But I came past soon afterwards, between then and the time Belvoir and his party reached the tower—and there was no Cosgrove staring at a battle-axe then! What does Belvoir’s evidence imply, if it is evidence? Did the axe leap up and smite him while he gazed, and was he lying there unnoticed by me when I returned from the cottage of the sisters Delambre? And that “friend” of Cosgrove’s, who was to come at a little after a quarter past nine—did he arrive so soon? Precious little he could have done to harm the Irishman at the appointed time. If only Wheeler had kept the tryst in the storm, instead of forgetting it completely in the horror of the night until Blenkinson nagged it into his memory again! Was this “friend” the same whose indeterminate face Doctor Aire had perhaps seen, perhaps not? To ask these questions is to realize how vain they are! Yet if we are to know the obscure, impalpable limbo of truth that lies behind this man’s death, must we not know the answers?
The click of the door-lock startled us in the midst of almost lively discussion. Paula Lebetwood and her friend re-entered the conservatory, and Salt stood on the threshold with a thin sheet of bluish paper in his hand. The American girl was paler than before, and, I thought, exercising great self-restraint. While she took her seat beside me, I could see the tremors pass along her throat with each breath. But her eyes were staring at the Superintendent, and my glance followed hers.
Salt said, “This paper, I expect, is Mr. Cosgrove’s Will and Testament.” He held it up for us to grasp at; it was a single translucent page, a tiny thing to dictate the disposal of great riches. “With Miss Lebetwood’s permission—I mean by her request—I’m goin’ to read it to you.”
“One moment,” darted in his Lordship as Salt was about to begin without taking breath: “don’t you know that it is highly irregular to read a copy of a Will until all the legatees—”
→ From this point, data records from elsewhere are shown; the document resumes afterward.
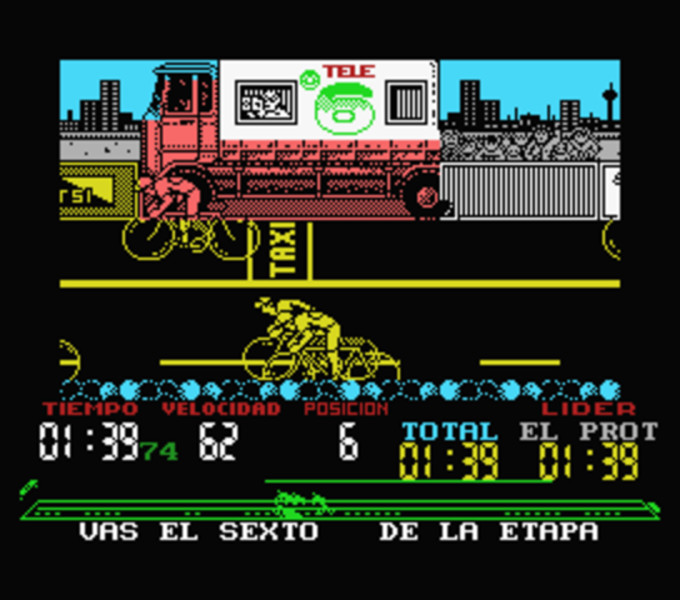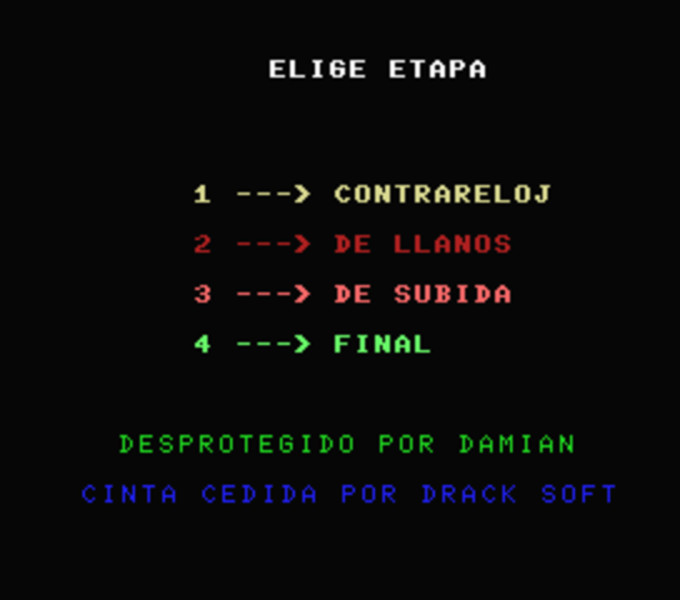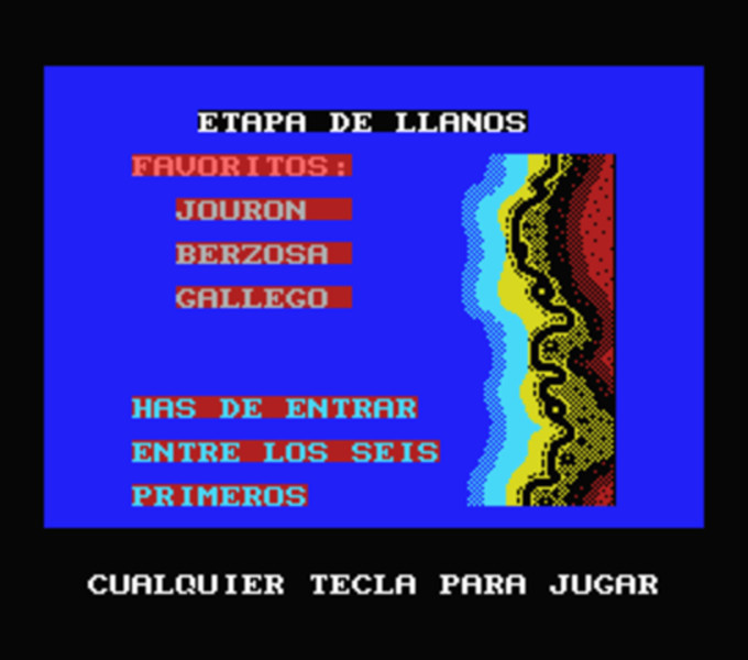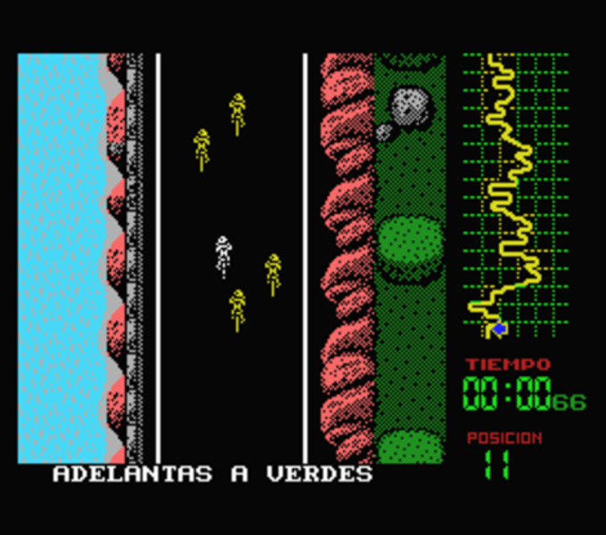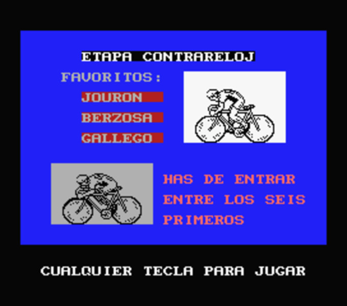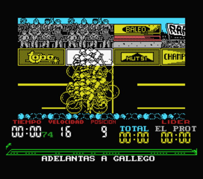 - Llano: En esta etapa deberemos avanzar (pusando la tecla hacia arriba) y tomar las curvas con izquierda-derecha. Una vez hayamos acelerado, la velocidad es constante, por lo que para adelantar lo que deberemos hacer es la mejor trazada en las curvas, teniendo cuidado de no tocar el borde, ya que entonces la bicicleta se parará y tendremos que volver a acelerar con la consiguiente pérdida de tiempo. Chocar contra otros ciclistas nos ralentizará, aunque perdiendo menos tiempo.
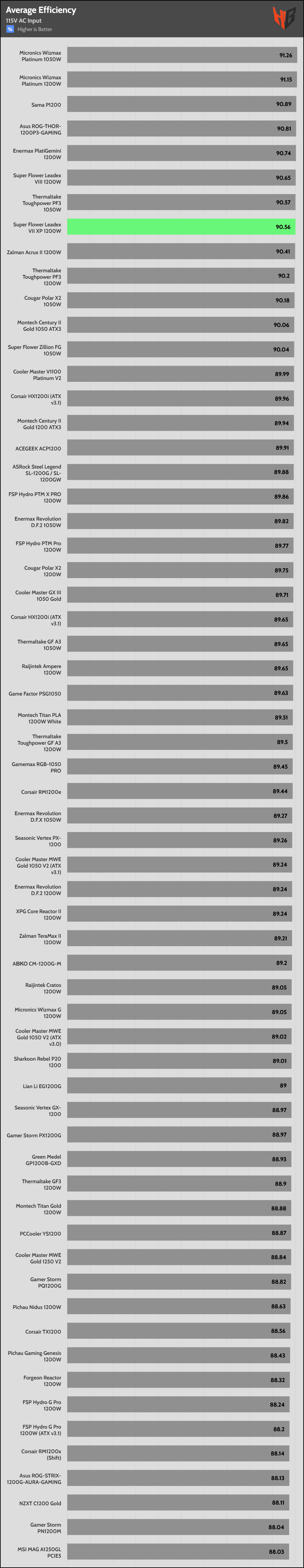 | Highest Average Efficiency (115/230V) | Micronics Wizmax Platinum 1050W | Micronics Wizmax Platinum 1200W | SAMA P1200 |
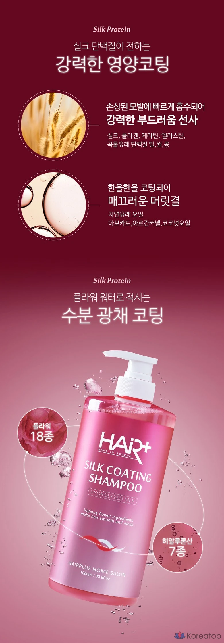 Шампунь Hair Plus Silk Coating 1000 мл + средство для ухода 50 мл, 1 шт.
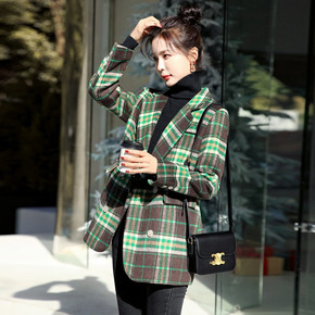 秋冬季中长新款女复古气质格子毛呢子小西装大衣外套夹...
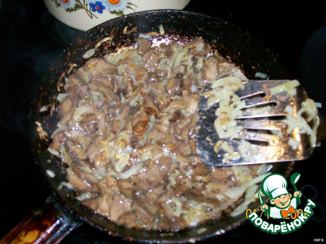 Луковицу мелко порезать, грибы - довольно крупно. Сначала обжарить лук на растительном масле до золотистого цвета, затем добавить грибы и сливочное масло.
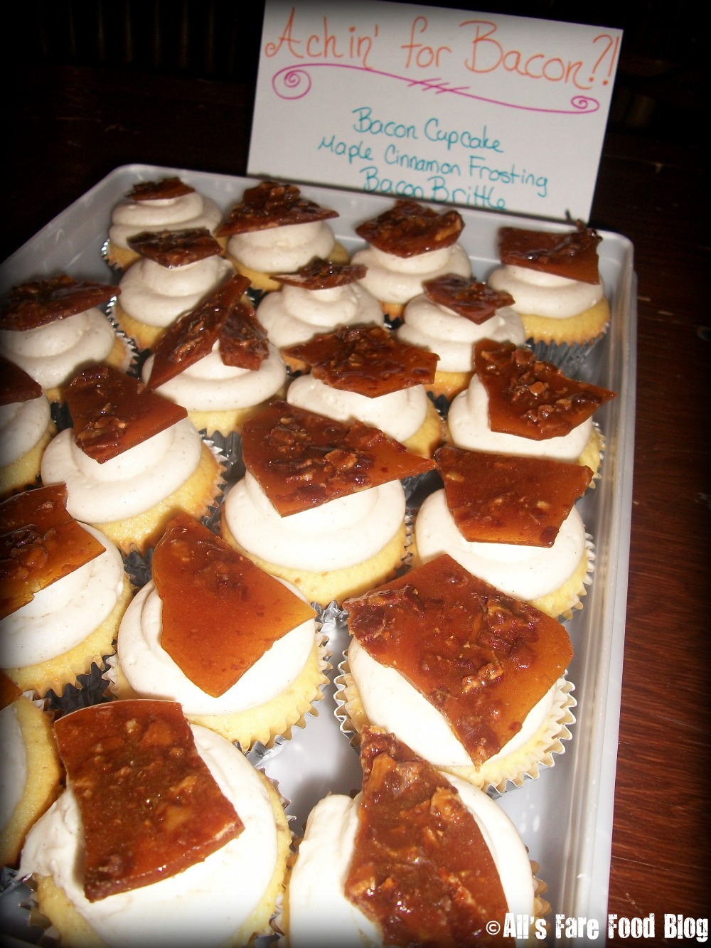 I really wanted to like these bacon cupcakes with bacon brittle and maple syrup frosting but something was just way too strange about the cake with bacon pieces - even for me. However, the maple syrup frosting was really good, albeit very sweet.
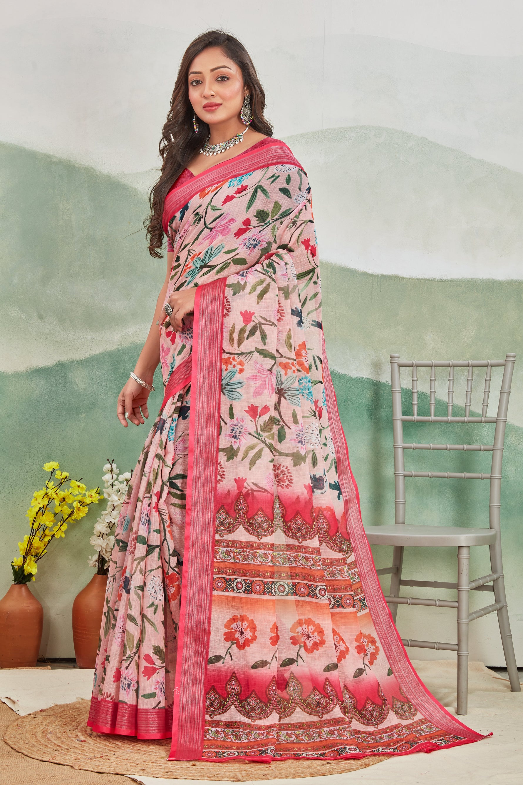 Trendy Daily Wear Saree Pink Pure Linen With Stylish Prints

“You’ll see why, sir, in a minute. Besides, this is sure to be the original of the Will, and all the heirs happen to be present!”
“Eh?”
“There’s not much to it, you might say, sir. And Miss Lebetwood particularly wants there to be no misunderstanding.”
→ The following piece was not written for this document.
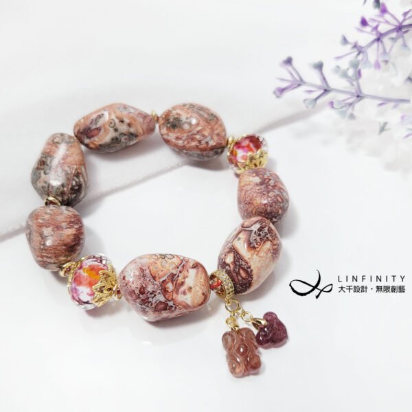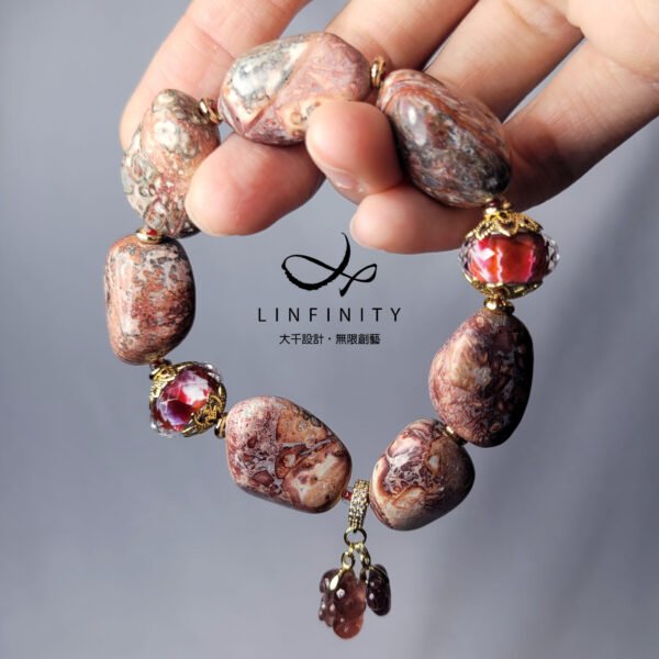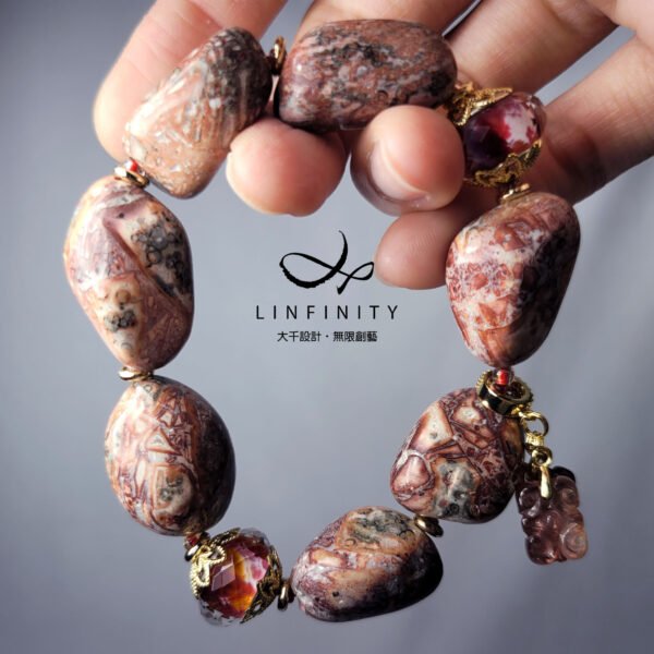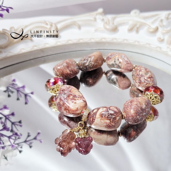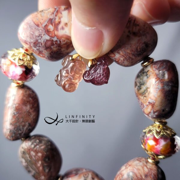 材質:天然豹紋瑪瑙(玉瓍)、碧璽、琉璃、18K金、925銀

Forthwith, in that zone of awe, he read the instrument, dated two months ago. It contained fewer than two hundred words. I do not know which to admire most, the clear-cut terseness of it, or the hard cynical sense of its incidental comments, such as, “my body to be buried as soon as possible after my death and as near as practicable to the place of my death, with the least emolument to lawyers, priests, and undertakers.” And withal, according to those of us who have scanned the law most thoroughly, the Will is adamant to any who may attempt to break it.
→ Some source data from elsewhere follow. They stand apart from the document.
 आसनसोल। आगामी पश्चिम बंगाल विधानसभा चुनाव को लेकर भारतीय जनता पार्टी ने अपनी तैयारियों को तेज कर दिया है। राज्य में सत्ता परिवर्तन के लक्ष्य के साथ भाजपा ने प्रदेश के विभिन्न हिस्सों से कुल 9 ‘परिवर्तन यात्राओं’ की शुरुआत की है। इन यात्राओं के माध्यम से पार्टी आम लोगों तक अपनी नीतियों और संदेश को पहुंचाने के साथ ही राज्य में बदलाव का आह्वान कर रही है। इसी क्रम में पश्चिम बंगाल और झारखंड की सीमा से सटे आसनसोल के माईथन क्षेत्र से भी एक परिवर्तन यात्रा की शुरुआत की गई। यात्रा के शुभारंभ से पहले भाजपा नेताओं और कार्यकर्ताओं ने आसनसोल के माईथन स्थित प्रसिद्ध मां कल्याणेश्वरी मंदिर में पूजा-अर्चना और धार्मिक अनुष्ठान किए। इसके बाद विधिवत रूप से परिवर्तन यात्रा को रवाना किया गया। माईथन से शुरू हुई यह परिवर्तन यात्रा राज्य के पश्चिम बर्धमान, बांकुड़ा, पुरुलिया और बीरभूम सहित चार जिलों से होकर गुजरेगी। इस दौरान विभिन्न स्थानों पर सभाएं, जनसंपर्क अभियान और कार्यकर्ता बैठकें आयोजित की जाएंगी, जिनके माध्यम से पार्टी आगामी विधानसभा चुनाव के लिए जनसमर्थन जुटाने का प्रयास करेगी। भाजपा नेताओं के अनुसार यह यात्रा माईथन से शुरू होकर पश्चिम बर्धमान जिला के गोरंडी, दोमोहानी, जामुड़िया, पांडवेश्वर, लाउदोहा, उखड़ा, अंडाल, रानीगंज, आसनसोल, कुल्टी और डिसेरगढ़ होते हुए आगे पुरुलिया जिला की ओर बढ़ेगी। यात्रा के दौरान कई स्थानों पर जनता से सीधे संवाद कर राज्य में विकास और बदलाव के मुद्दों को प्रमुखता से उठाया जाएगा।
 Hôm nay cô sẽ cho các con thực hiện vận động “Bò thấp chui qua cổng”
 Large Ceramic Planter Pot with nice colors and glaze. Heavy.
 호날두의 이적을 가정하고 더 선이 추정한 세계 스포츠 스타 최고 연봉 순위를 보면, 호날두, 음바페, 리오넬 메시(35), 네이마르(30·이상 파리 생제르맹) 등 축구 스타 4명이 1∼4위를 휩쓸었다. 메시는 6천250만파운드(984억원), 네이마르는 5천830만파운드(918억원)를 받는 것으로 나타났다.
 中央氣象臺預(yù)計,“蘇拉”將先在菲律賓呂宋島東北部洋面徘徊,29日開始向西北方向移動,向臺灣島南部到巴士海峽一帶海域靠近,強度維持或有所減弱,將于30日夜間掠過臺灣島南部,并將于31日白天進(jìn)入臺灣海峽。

As for its sense, it devises Cosgrove’s entire fortune to Miss Lebetwood “for her own absolute use and benefit without exception, limitation, reservation or condition, forever.” Cosgrove’s brother, mentioned as having self-denied a share in the estate, is made sole executor. Rather pathetic, those words:
“IRELAND DELIVERED is the cross in whose sign I would conquer; but should I die, without me I know the good work can never go on. Therefore to her who is, or is to be, my dearest helpmeet and sharer of these the Lord’s bounties, best fit to use them wisely, I bequeath all my worldly goods.”